- How to complete this task:
The answer must be the full data, restated word for word, with no pictures in it.

- Data section:

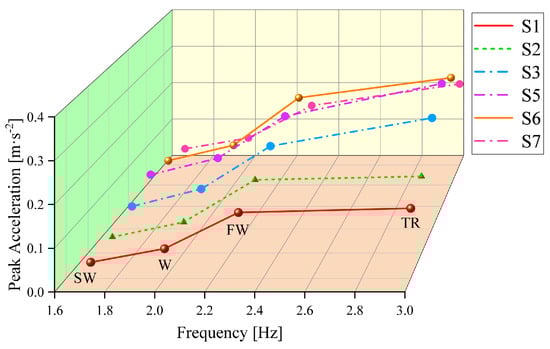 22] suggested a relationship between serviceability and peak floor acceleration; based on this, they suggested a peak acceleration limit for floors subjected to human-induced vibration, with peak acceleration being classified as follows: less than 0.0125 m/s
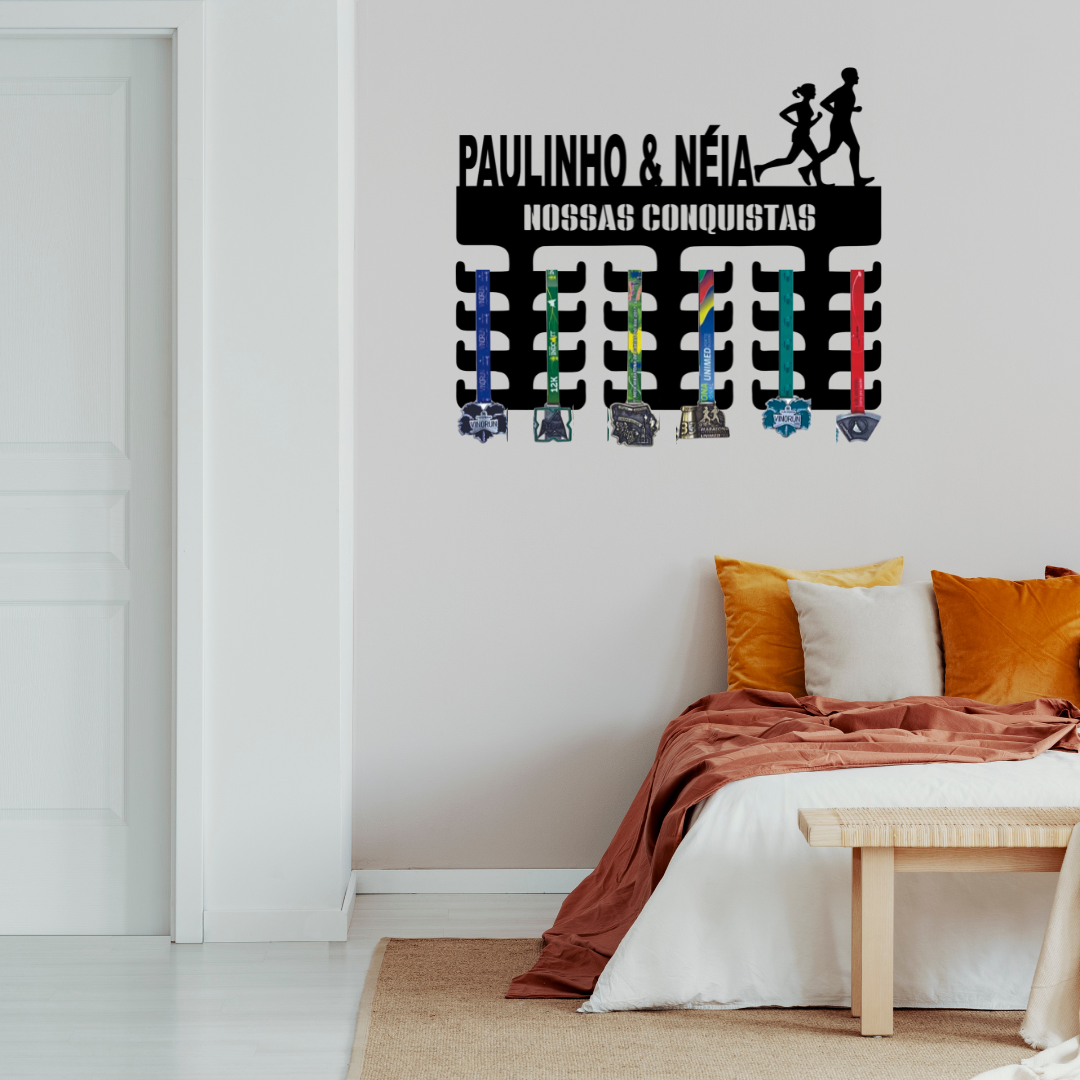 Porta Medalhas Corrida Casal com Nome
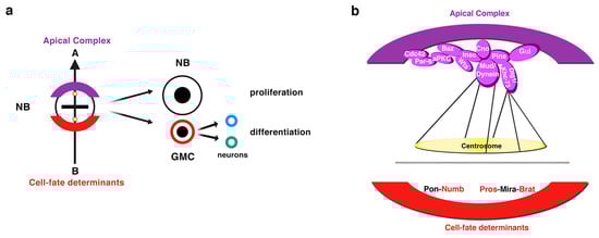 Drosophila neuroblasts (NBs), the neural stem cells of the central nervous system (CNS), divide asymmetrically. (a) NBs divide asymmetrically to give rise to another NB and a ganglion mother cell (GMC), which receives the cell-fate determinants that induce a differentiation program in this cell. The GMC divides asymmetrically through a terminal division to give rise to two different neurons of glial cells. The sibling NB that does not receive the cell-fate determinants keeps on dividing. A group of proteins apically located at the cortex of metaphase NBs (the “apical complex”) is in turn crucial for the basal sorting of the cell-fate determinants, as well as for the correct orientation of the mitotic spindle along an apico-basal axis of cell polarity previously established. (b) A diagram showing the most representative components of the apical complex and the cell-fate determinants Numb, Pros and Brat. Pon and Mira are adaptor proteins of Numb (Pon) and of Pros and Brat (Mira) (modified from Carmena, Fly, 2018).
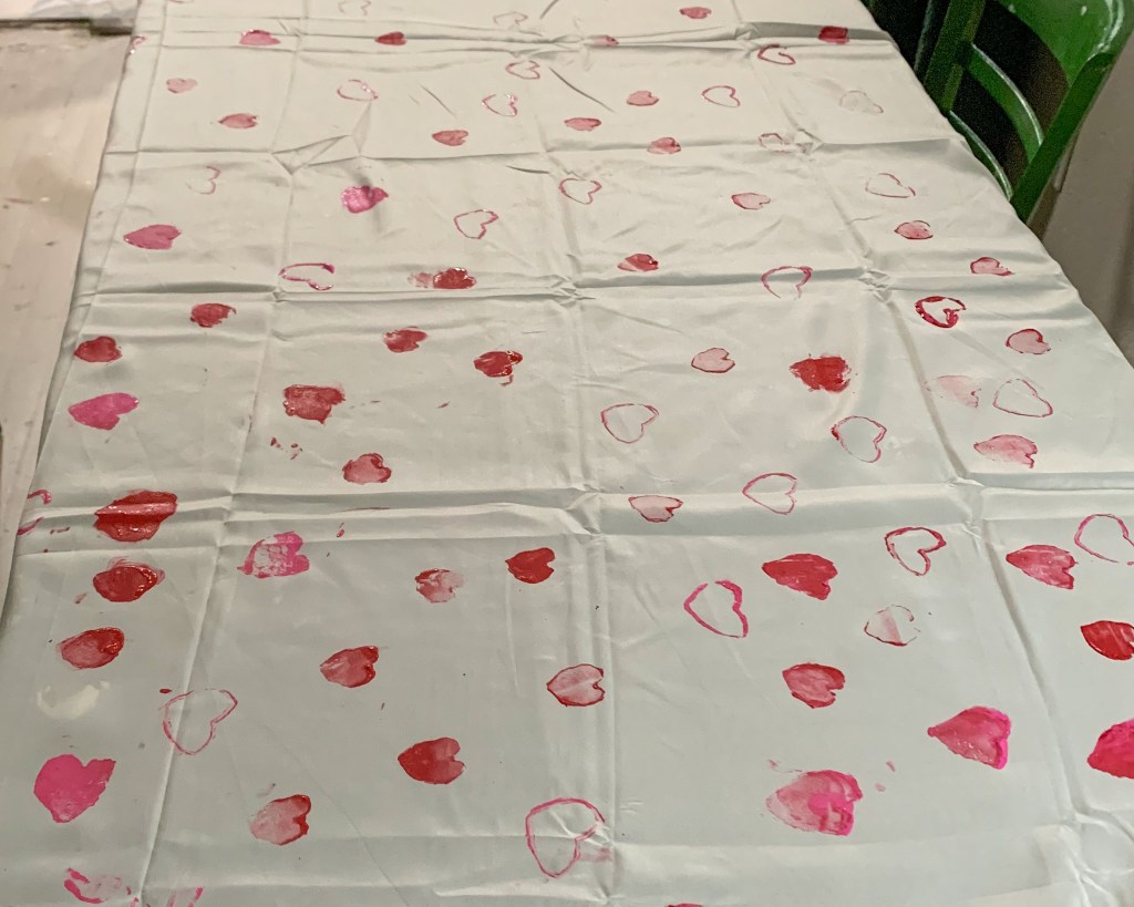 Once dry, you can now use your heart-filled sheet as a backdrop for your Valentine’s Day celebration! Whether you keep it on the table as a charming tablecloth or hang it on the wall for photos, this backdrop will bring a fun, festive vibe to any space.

- Task solution:
 22] suggested a relationship between serviceability and peak floor acceleration; based on this, they suggested a peak acceleration limit for floors subjected to human-induced vibration, with peak acceleration being classified as follows: less than 0.0125 m/s
 Porta Medalhas Corrida Casal com Nome
 Drosophila neuroblasts (NBs), the neural stem cells of the central nervous system (CNS), divide asymmetrically. (a) NBs divide asymmetrically to give rise to another NB and a ganglion mother cell (GMC), which receives the cell-fate determinants that induce a differentiation program in this cell. The GMC divides asymmetrically through a terminal division to give rise to two different neurons of glial cells. The sibling NB that does not receive the cell-fate determinants keeps on dividing. A group of proteins apically located at the cortex of metaphase NBs (the “apical complex”) is in turn crucial for the basal sorting of the cell-fate determinants, as well as for the correct orientation of the mitotic spindle along an apico-basal axis of cell polarity previously established. (b) A diagram showing the most representative components of the apical complex and the cell-fate determinants Numb, Pros and Brat. Pon and Mira are adaptor proteins of Numb (Pon) and of Pros and Brat (Mira) (modified from Carmena, Fly, 2018).
 Once dry, you can now use your heart-filled sheet as a backdrop for your Valentine’s Day celebration! Whether you keep it on the table as a charming tablecloth or hang it on the wall for photos, this backdrop will bring a fun, festive vibe to any space.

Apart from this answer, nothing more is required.